Exercise directions
What are the lines from the top of the entries through the one with "BabyBruin 120 ml-es, hőálló, boroszilikát"? Write them out exactly, with no pictures.
Top of Entries provided
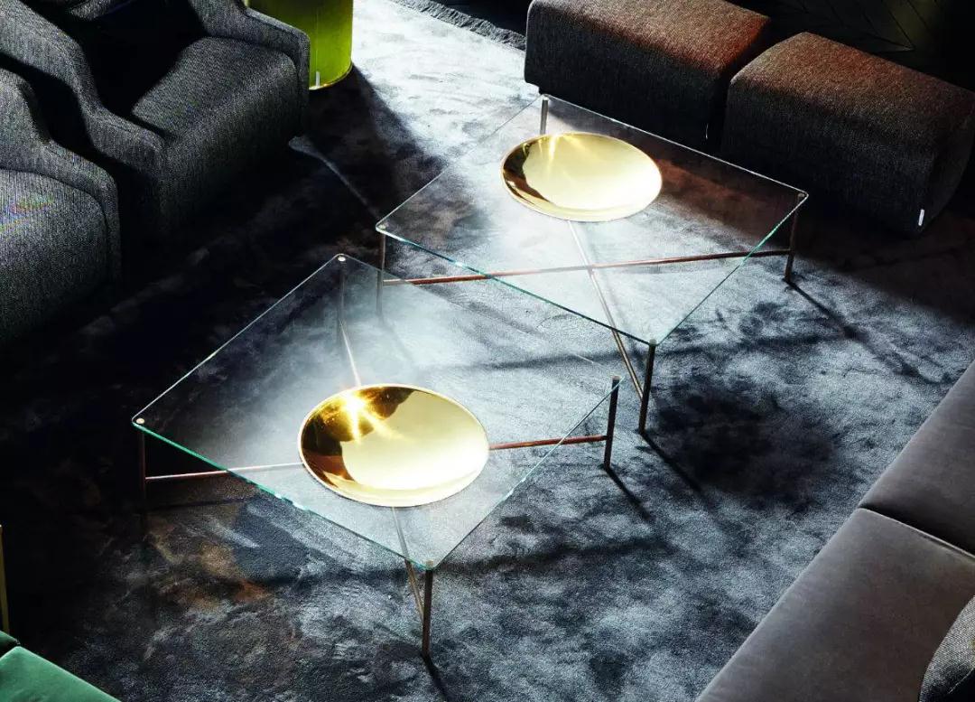 Golden Moon咖啡桌是一眼看到就驚艷的設計,將亮面的黃銅盤子鑲嵌在玻璃平面上,像一個金色的月亮倒影在水中,營造出一種文藝又風雅的家具美學。
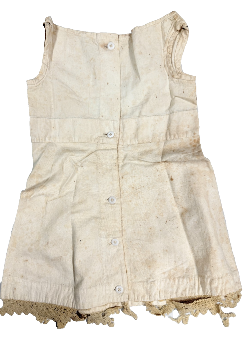 A rare and beautifully preserved Edwardian / WWI?era child?s chemise or slip, circa 1900?1918. Made of sturdy, rough-woven muslin cotton,and hand sewn seams, it closes in the front with sweet white glass buttons and features delicate hand-tatted lace trim at the hem ? what remains of it still speaks to the fine handiwork of the period. Its petite proportions and authentic attic-find patina make it not only a charming children?s garment, but also a perfect piece for doll costuming or display.
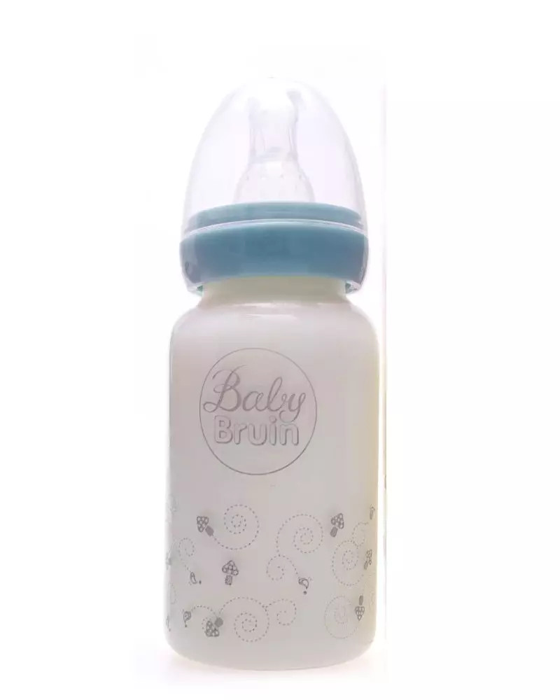 BabyBruin 120 ml-es, hőálló, boroszilikát üveg cumisüveg. 1-es méretű, szilikon tejes etetőcumit tartalmaz, amely 0-12 hónapos korig ajánlott. 600 fokig hőálló a cumisüveg, mely 150 fokos hőmérsékletkülömbségnek rezisztens.
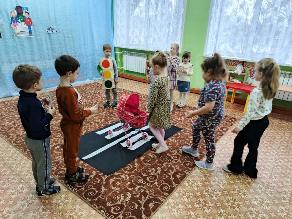 В завершение все с удовольствием поучаствовали в подвижной игре по безопасности дорожного движения и с помощью наглядных пособий вспомнили правила перехода проезжей части дороги.
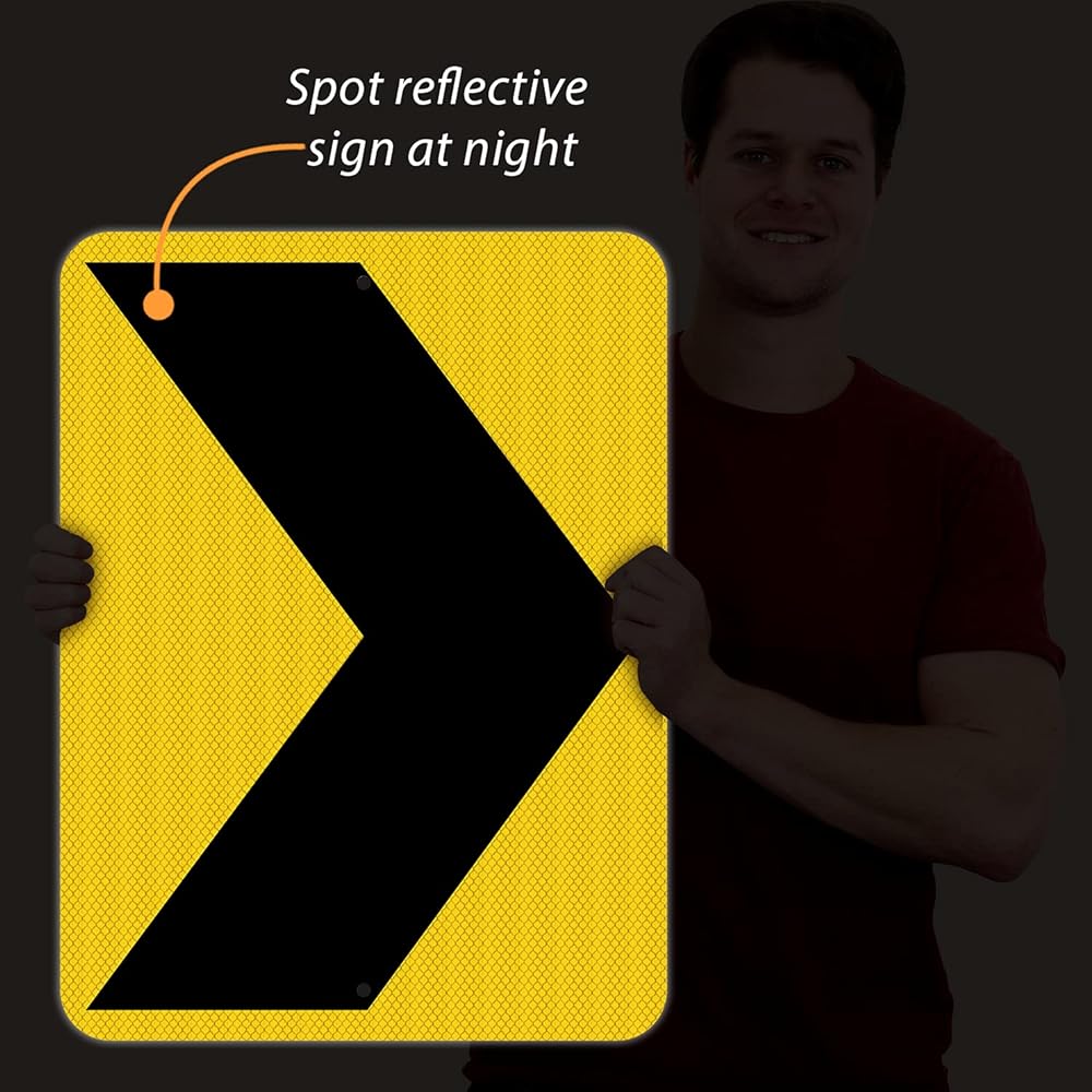 DURABLE ALUMINUM: 'Chevron Right Arrow' signs are made of 80 mil thick rustproof aluminum. They are laminated for protection and use 3M reflective High-Intensity Grade film, assuring more than 10 year durability.
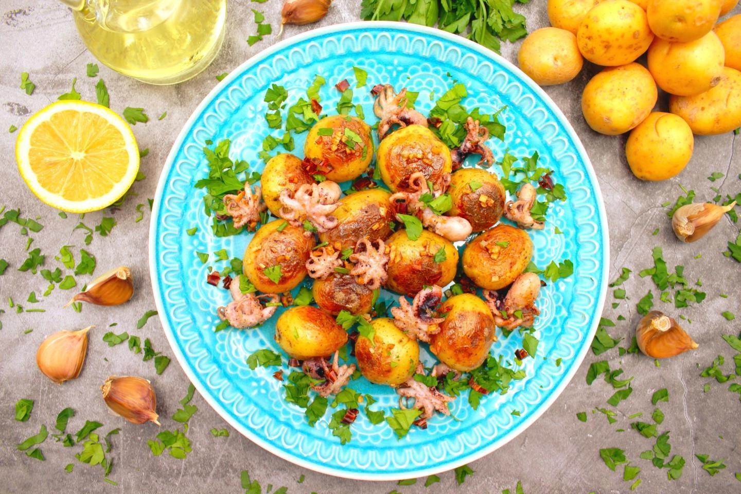 Pan-Fried Mini Octopuses with Potatoes
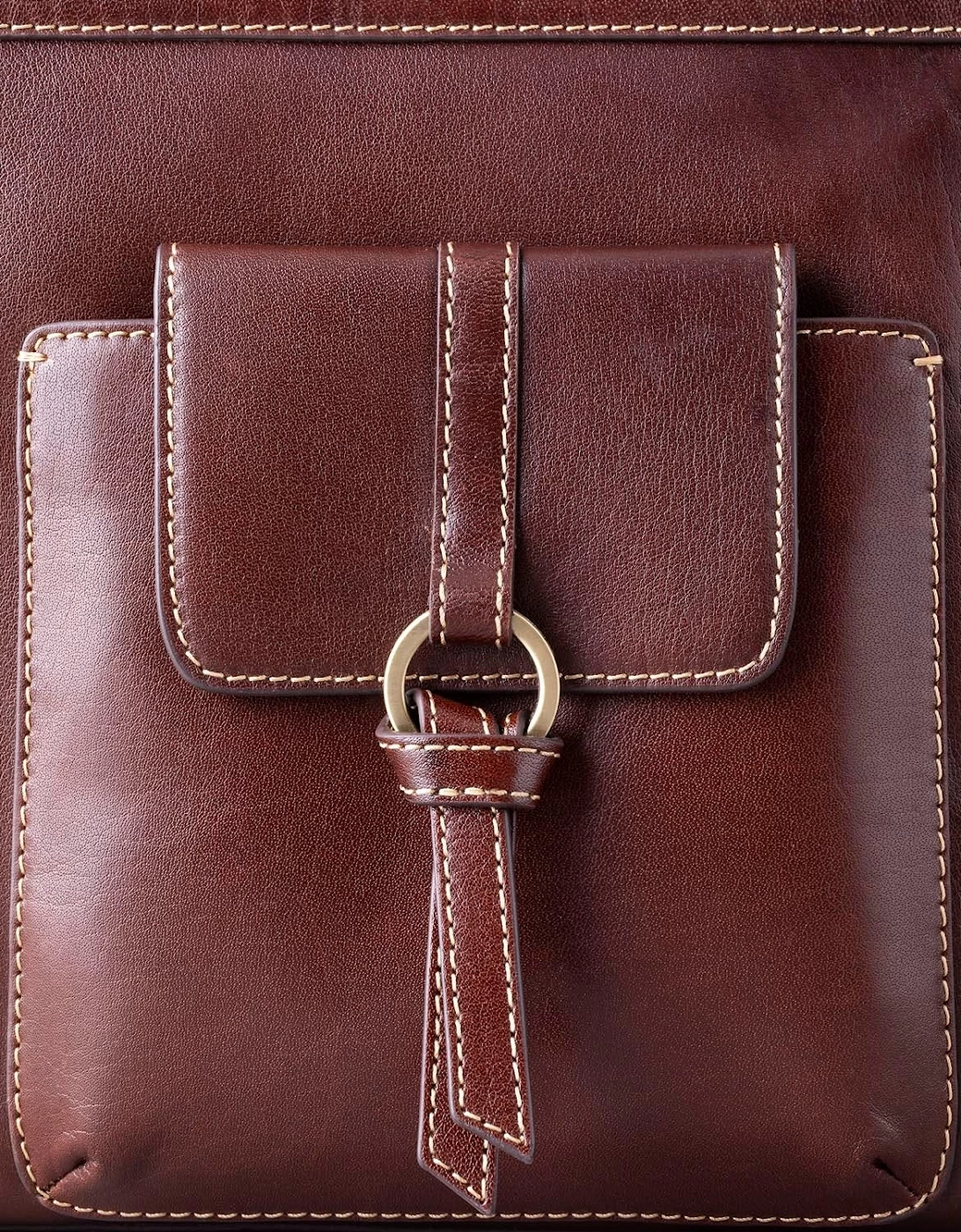 - Front slip pocket secured by front flap with Lakeland Leather o-ring and magnetic snap
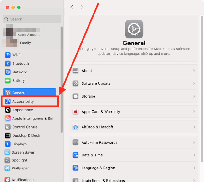 4. In the System Settings window, Select Accessibility in the sidebar.
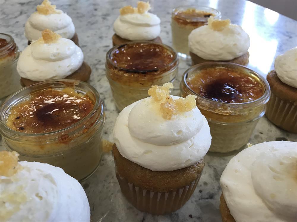 Our delicious yellow cake, filled with caramel custard, iced with French buttercream, and garnished with caramelized sugar.
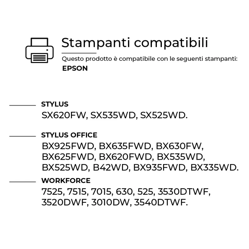 Queste Cartucce per Epson sono pienamente compatibili con molteplici modelli di stampante EPSON e assicurano una resa di stampa elevata e costante, paragonabile a quella dei prodotti originali. Progettate per offrire affidabilità e precisione.
Bottom of Entries provided
Your response
 Golden Moon咖啡桌是一眼看到就驚艷的設計,將亮面的黃銅盤子鑲嵌在玻璃平面上,像一個金色的月亮倒影在水中,營造出一種文藝又風雅的家具美學。
 A rare and beautifully preserved Edwardian / WWI?era child?s chemise or slip, circa 1900?1918. Made of sturdy, rough-woven muslin cotton,and hand sewn seams, it closes in the front with sweet white glass buttons and features delicate hand-tatted lace trim at the hem ? what remains of it still speaks to the fine handiwork of the period. Its petite proportions and authentic attic-find patina make it not only a charming children?s garment, but also a perfect piece for doll costuming or display.
 BabyBruin 120 ml-es, hőálló, boroszilikát üveg cumisüveg. 1-es méretű, szilikon tejes etetőcumit tartalmaz, amely 0-12 hónapos korig ajánlott. 600 fokig hőálló a cumisüveg, mely 150 fokos hőmérsékletkülömbségnek rezisztens.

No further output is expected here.